Saturday, April 12, 2008


The Dalai Lama says that Tibet rightfully belongs to him and the monks and the religious order they represent. He and they want a country separated from China and ruled by their religious order. And large parts of the Western World seem to agree with them that they should have this.
But wait a minute. As I will soon be eighty years old I was living in the times of the Chinese revolution. I remember the Chinese revolution. It started happening just before, during, and right after the Second World War. China then was in pitiful shape. Had been for a very long time. There was no middle class in China during those years to speak of and no heavy industry, or much industry of any kind. Aside from the war lords, noble upper classes, and pirates, nobody had any money. Couldn’t read or write, either. Peasant share croppers they were, only the landlords took more than their share leaving the peasants hungry. Famine was rampant. Women especially bore the burden of abject poverty. They worked in the fields, bore children, were beaten, and if destined for harlotry, had their feet bound that crippled them for life.

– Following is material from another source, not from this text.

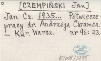 Jan Cz. [CZEMPIŃSKI Jan] 1935... Półwiecze pracy dr. Andrzeja Chramca.

And then this revolution started happening. Land lords and upper classes were told to share the wealth and foreign religious orders were kicked out of the country. Everybody was given a chance to reform but if the pirates couldn’t sop pirating they were executed. Suddenly people were learning to read and write, including women and girls. Jobs were opening up in the cities, again for women, too. Female foot binding became a shameful thing of the past. Farming began on a communal basis. Some peasants were taught to be para- medics (only they were called bare foot doctors) and go out and doctor people in the country side. Even though the US and Europe in general boycotted China for having the audacity to have a revolution, China struggled through and gradually built schools, hospitals, fostered art and dance and became the powerful nation it is today.
Is China full of faults? I’m sure. But they seem to keep the country relatively free from corruption and one thing they are hell bent on is keeping Tibet in China. Just like Canada wants to keep it’s Artic claims for Canada. Like Canada resists the notion of Quebec separating. Like people everywhere resists the notion of a country being bound by a certain religion, any religion, like some orders of the Sikhs, Al Qaeda, and Kurds, to name a few who want to overthrow secular states or parts of secular states and impose religious beliefs as government.
In short, I am not opposing the Olympics because I think the Dalai Lama and the monks should lead Tibet into succeeding from China. Tibet now has schools where girls attend as well as boys; people have jobs, health care, and a modern railroad into the rest of China. The Chinese people themselves know this and from all reports are not sympathetic to the Dalai Lama and the monk’s attempts to fracture China.
I oppose the Olympics because they are evil in and of themselves, where they occur they displace people and homes, fracture the local economy, leave an area heavily in debt and take land they shouldn’t as in Campbell’s Olympics here in BC, the taking of Aboriginal land. Yes. They are taking Aboriginal land. This is the main issue.